Terahertz Technologies Market Size and Share

Terahertz Technologies Market Analysis by Mordor Intelligence
The terahertz technologies market size was valued at USD 0.78 billion in 2025 and estimated to grow from USD 0.89 billion in 2026 to reach USD 1.77 billion by 2031, at a CAGR of 14.74% during the forecast period (2026-2031). Strong momentum behind photonic-integrated sources, expanding 6G proof-of-concept backhaul links, and rising healthcare adoption are moving the terahertz technologies market from research labs into high-volume production lines.

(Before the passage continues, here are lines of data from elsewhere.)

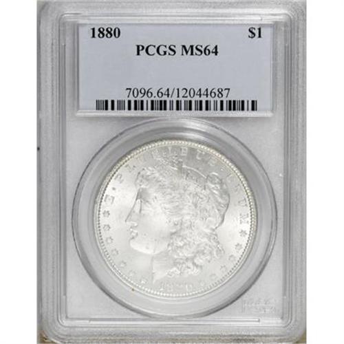 <B>1880 $1 MS64 PCGS.</B></I> PCGS Population (2944/911). NGC Census: (3405/595). Mintage: 12,601,355. Numismedia Wsl. Price for NGC/PCGS coin in MS64: $110. (#7096)<BR><BR><B>Coin Engraver:</B> George T. Morgan<BR><BR><b>Shipping:</b> Coins & Currency (<a target="_blank" href="http://www.heritageauctions.com/common/shipping.php">view shipping information</a>)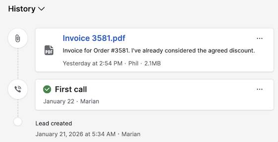 - История – В этом разделе отображаются заметки, выполненные активности, отправленные письма и загруженные файлы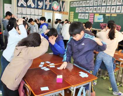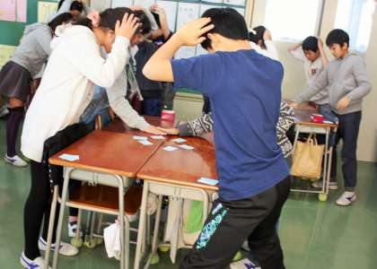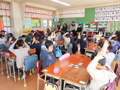 今日は、5年生の百人一首大会です。子どもたちは、この日のために練習を重ねてきました。上の句下の句を暗記している子が多く、先生の読みに合わせて子どもたちの目は真剣そのものです。教室は熱気に包まれていました。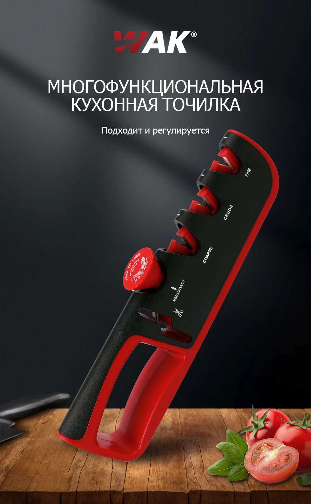 Точилка для ножей WAK 5 в 1, кухонный инструмент для заточки, регулируемый угол, черный, красный, профессиональный
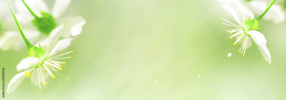 Natural spring background. White cherry flowers on a delicate green background. Free copy space. Artistic spring summer image. Banner design.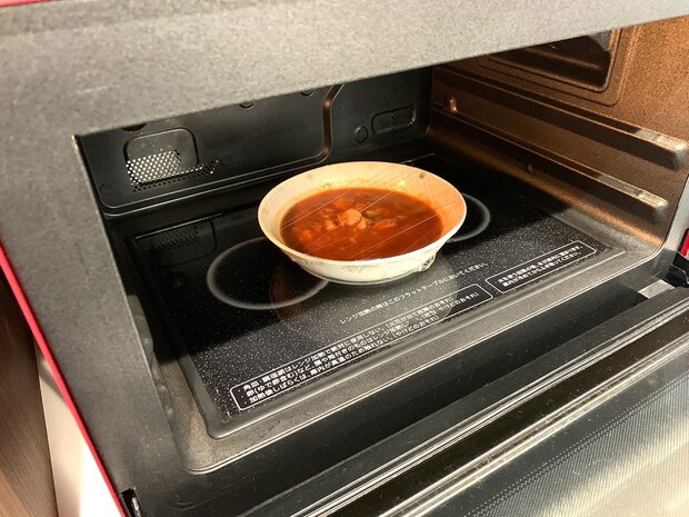 今回は温める方法に電子レンジを選択しました。湯煎よりすぐに温められるので、時短で調理を済ませたい方には電子レンジがおすすめです!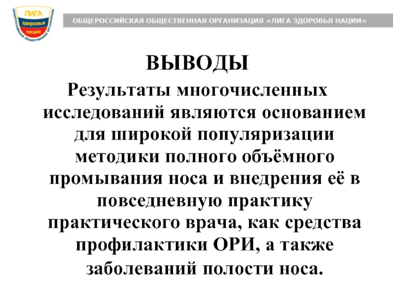 промывания носа и внедрения её в повседневную практику практического врача, как средства профилактики ОРИ, а также заболеваний полости носа.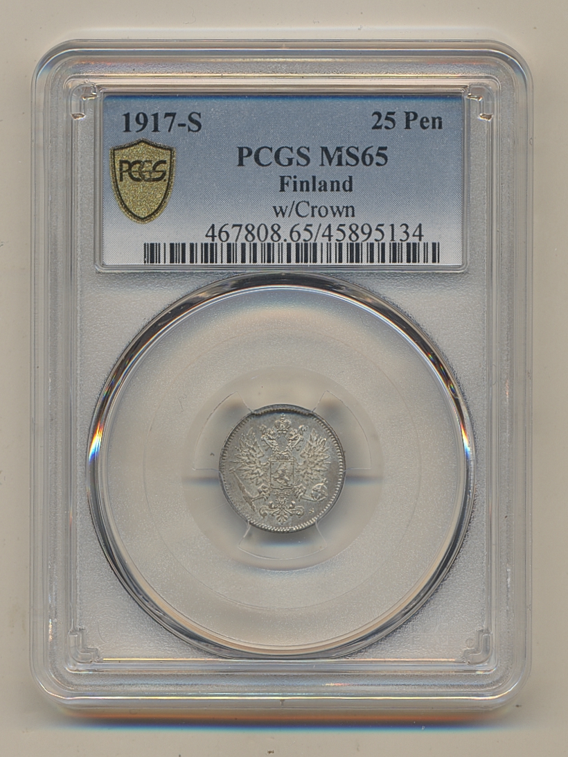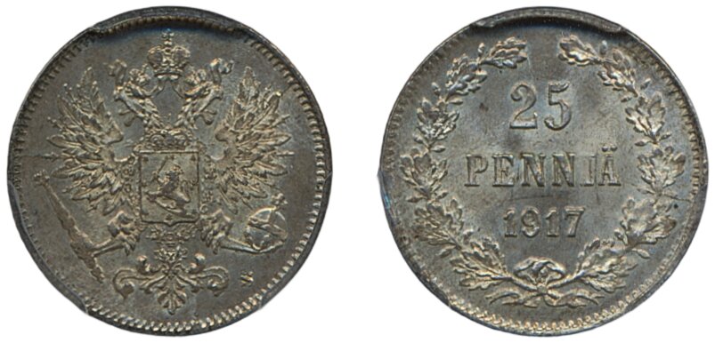 Coins, Finland. Nicholas II, KM 6.2, 25 penniä 1917. Graded by PCGS as MS65. Bitkin 422. 01/0. See certification at PCGS

Component manufacturers have shifted investment toward chip-level assemblies that lower system cost and simplify field deployment, while end users prioritize turnkey platforms that bundle machine-learning analytics with quantum-cascade lasers or photomixing modules. Regulatory support for process analytical technology in pharmaceuticals and aggressive public funding for 6G research consortia further reinforce demand. Competition now centers on reducing cryogenic-cooling overhead, securing design slots in inline quality-control installations, and achieving long-term reliability targets that match those of incumbent optical and microwave solutions.
Key Report Takeaways
- By application category, communication systems led with 42.36% of the terahertz technologies market share in 2025, whereas terahertz imaging systems are forecast to advance at a 15.32% CAGR through 2031.
- By frequency range, mid-frequency platforms held 47.93% terahertz technologies market share in 2025 and are projected to grow at a 15.37% CAGR between 2026-2031.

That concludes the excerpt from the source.